My mom, meanwhile, has her ups and downs. In some ways, she’s better now than when she arrived last summer. We found her new doctors and home health programs, including physical therapy. She ditched a walker for a cane during the first month. Ever since, we take short walks around the block, along the waterfront, across the refuge boardwalk, or at the beach. Through trial and error, we found her better medications. But, in other ways, she’s sadly worsened.  Her persistent tremors and episodic symptoms continue. She’s been to the hospital three times since arriving. She has regular nerve pain and sometimes cries out in the middle of the night. 

Photo courtesy of the author

Occasionally, she shares dreams about regaining her independence. Living on her own again. Having a late-life adventure. Perhaps she could still see a few places she missed? Places my wife and I would tell her about when we used to visit. Places that I explored after leaving home, like the Grand Canyon. It’s still possible, I say, hoping that it’s true. 

When my wife and I returned from Florida, my mom surprised me with the news she’d be moving out.

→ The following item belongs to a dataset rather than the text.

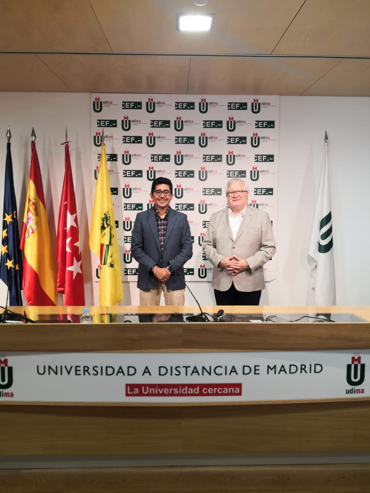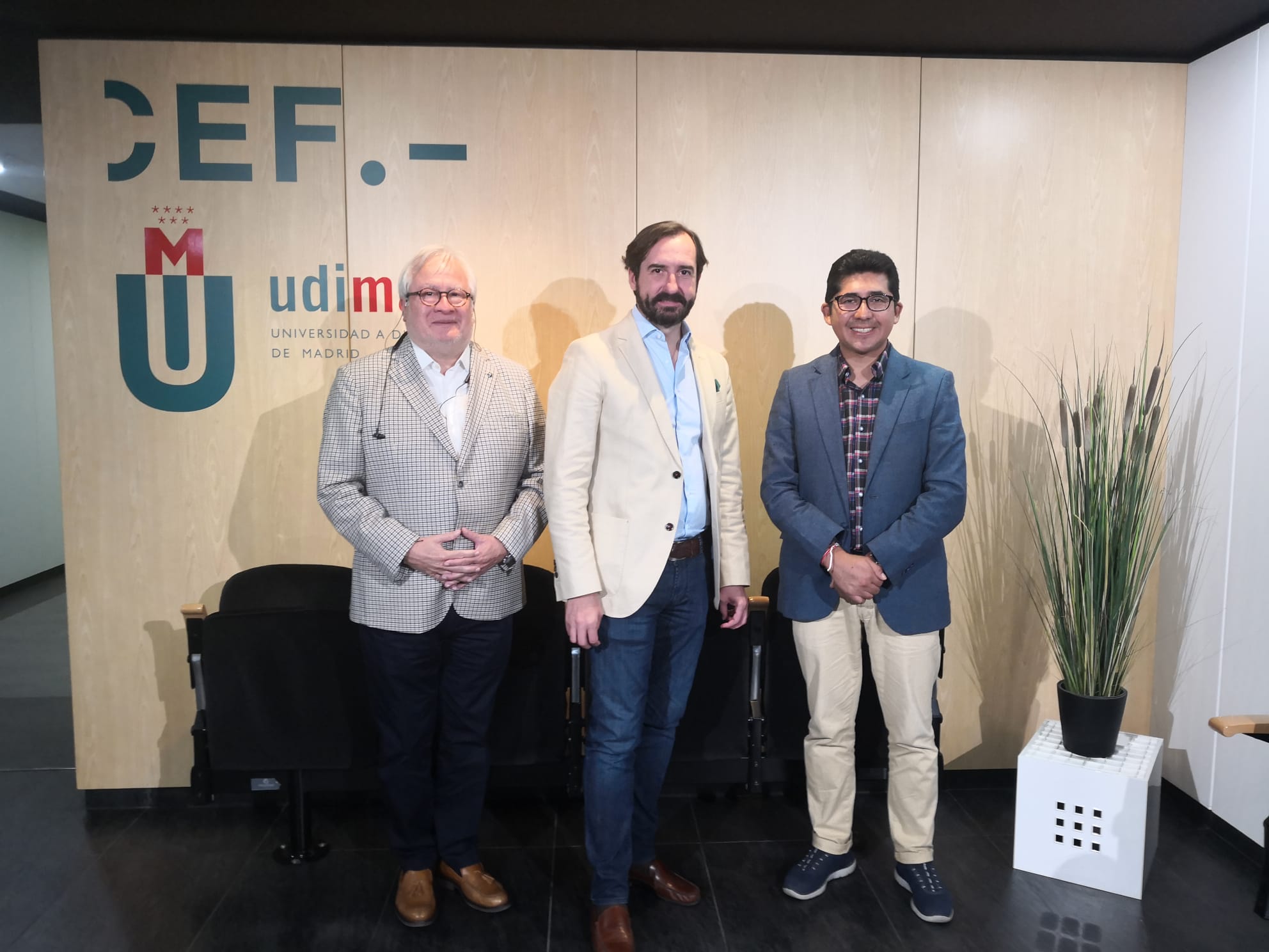 Durante su visita a España, Lizarraga Guerra mantuvo también un encuentro informal con Arturo de las Heras, presidente del Grupo Educativo CEF.- UDIMA, en la sede de la institución académica en Madrid capital.

While we were away, she and her sister had toured an assisted living facility only a mile away. A pleasant place in a grove of oak trees, not far from the Baptist church on my walking route. 

Since speaking has become a challenge, she explained in halting words that she needs more help than we realized. This way, she said, my wife and I would get our lives back. The three of us can do fun things again, like we used to. And my mom will have professionals who can help with the day-to-day necessities of her recovery. 

Only a few days later, my mom and I drove the rural highway to a doctor’s appointment for the results of a biopsy. The news wasn’t good. There wouldn’t be the miraculous recovery that we once hoped for. No final adventure to see the Grand Canyon. Just daily living would be a challenge going forward. 

We moved her over in mid-January. My neighborhood grounding has since lifted, but resuming a life with travels and adventures will feel bittersweet. I was willing to let that go if that’s what it took.

My mom and I still take our short walks. Her new place is now on my route. I pass through the neighborhood, greeting the friendly retirees whose old age is luckily going how everyone hopes it will. I turn onto the World’s Shortest Nature Trail, head down Wilderness Road, pass the Baptist church with its latest witty caption: “Our Sundays are better than Baskin Robbins.” Then I continue along the shoulder of the rural highway to the facility, where we visit in the oak grove. It’s not a situation that anyone hopes for. Life is an adventure, one that doesn’t always go as planned.